• What the exercise asks
Pictures appear among the records below and must be omitted. Repeat exactly the lines from the line with "圖9 | 不同電動(dòng)汽車滲透率帶來(lái)的住宅小區(qū)用電負(fù)荷變化" to the line with "Questo programma è", both included.

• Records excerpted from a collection
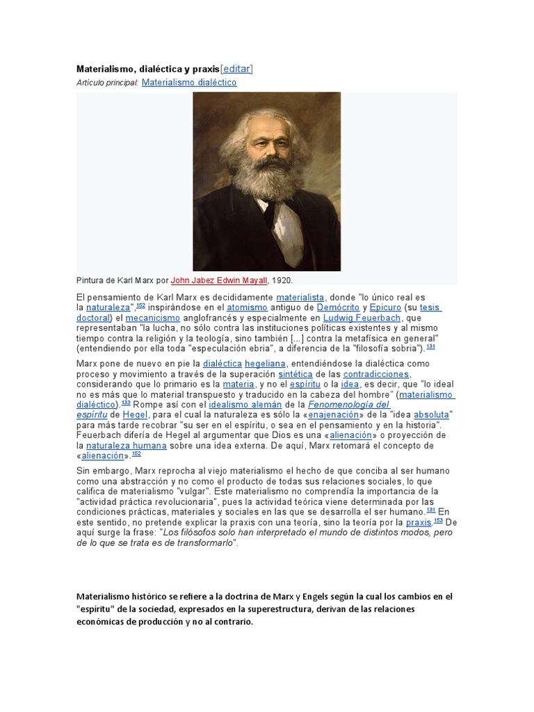 histórico. El materialismo es la base de su pensamiento sociológico porque, para Marx, las
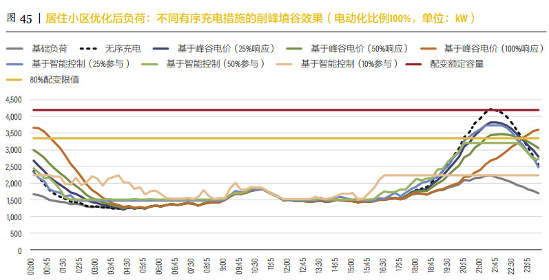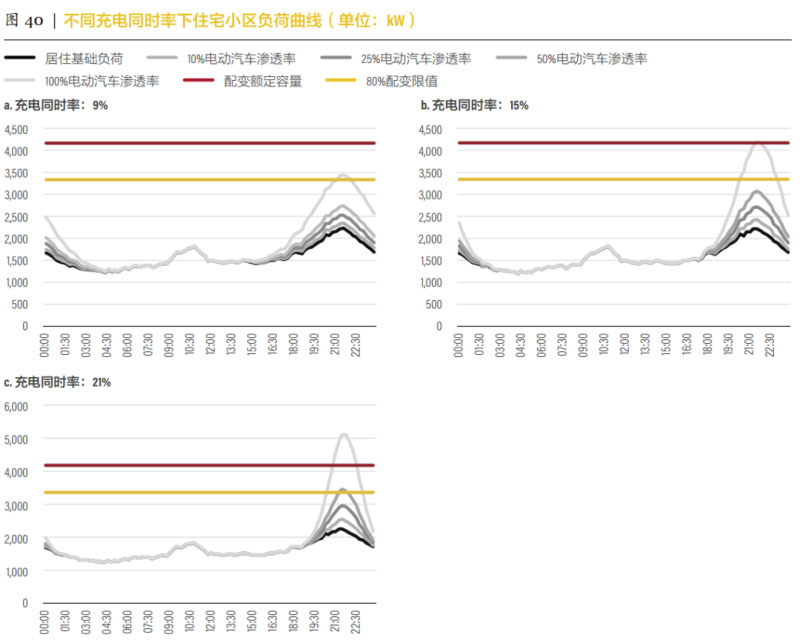 圖9 | 不同電動(dòng)汽車滲透率帶來(lái)的住宅小區(qū)用電負(fù)荷變化
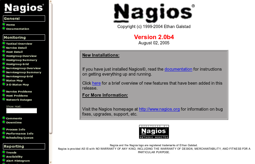 Questo programma è stato scritto da Ethan Galstad sulla base di un suo programma precedente, Netsaint, il quale aveva, a suo parere, dei difetti di architettura tali da richiedere la riscrittura del codice. Non contiene funzioni per la gestione della rete ma solo per il monitoraggio di apparecchiature e servizi. Ho volutamente scritto apparecchiature, e non computer, in quanto il programma è in grado di monitorare anche switch, router, stampanti e altro, oltre che servizi più o meno standard come HTTP, FTP, POP3 e similari.
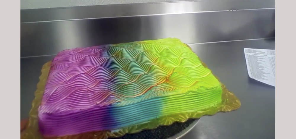 تداول نشطاء على مواقع التواصل الاجتماعي فيديو لكعكة سحرية تتغير ألوانها باستمرار بألوان قوس قزح وتدرجات لونية مختلفة عند النظر إليها من زوايا مختلفة.
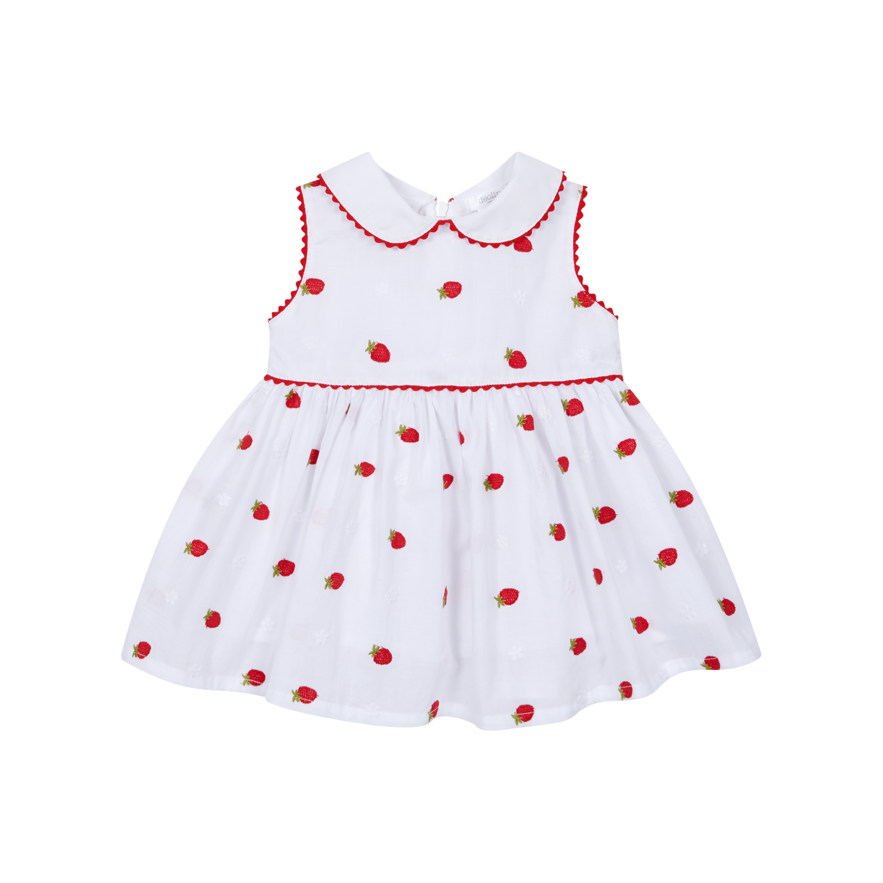 This charming girls strawberry embroidered dress is perfect for sunny days and special moments. It features a classic Peter Pan collar, delicate red trim, and a full skirt designed for comfort and movement. Ideal for holidays, family outings, and summer events, this toddler girls summer dress pairs beautifully with sandals for a timeless warm-weather look.
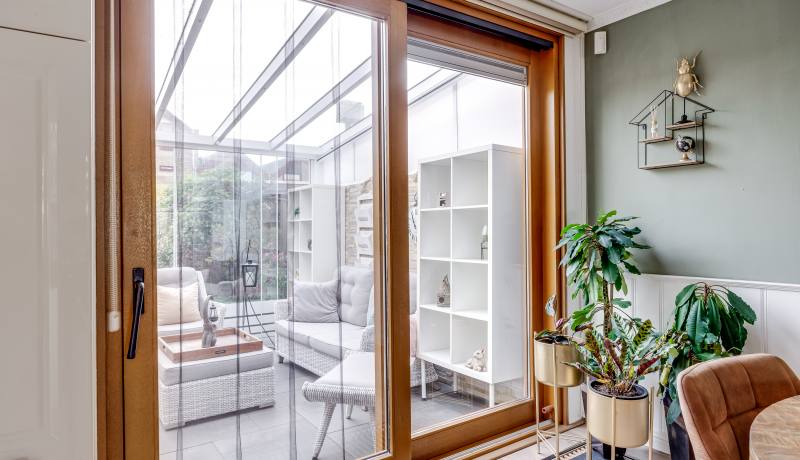 - Schuifpui naar de tuin, serre en blokhut geplaatst

• Response below
 圖9 | 不同電動(dòng)汽車滲透率帶來(lái)的住宅小區(qū)用電負(fù)荷變化
 Questo programma è stato scritto da Ethan Galstad sulla base di un suo programma precedente, Netsaint, il quale aveva, a suo parere, dei difetti di architettura tali da richiedere la riscrittura del codice. Non contiene funzioni per la gestione della rete ma solo per il monitoraggio di apparecchiature e servizi. Ho volutamente scritto apparecchiature, e non computer, in quanto il programma è in grado di monitorare anche switch, router, stampanti e altro, oltre che servizi più o meno standard come HTTP, FTP, POP3 e similari.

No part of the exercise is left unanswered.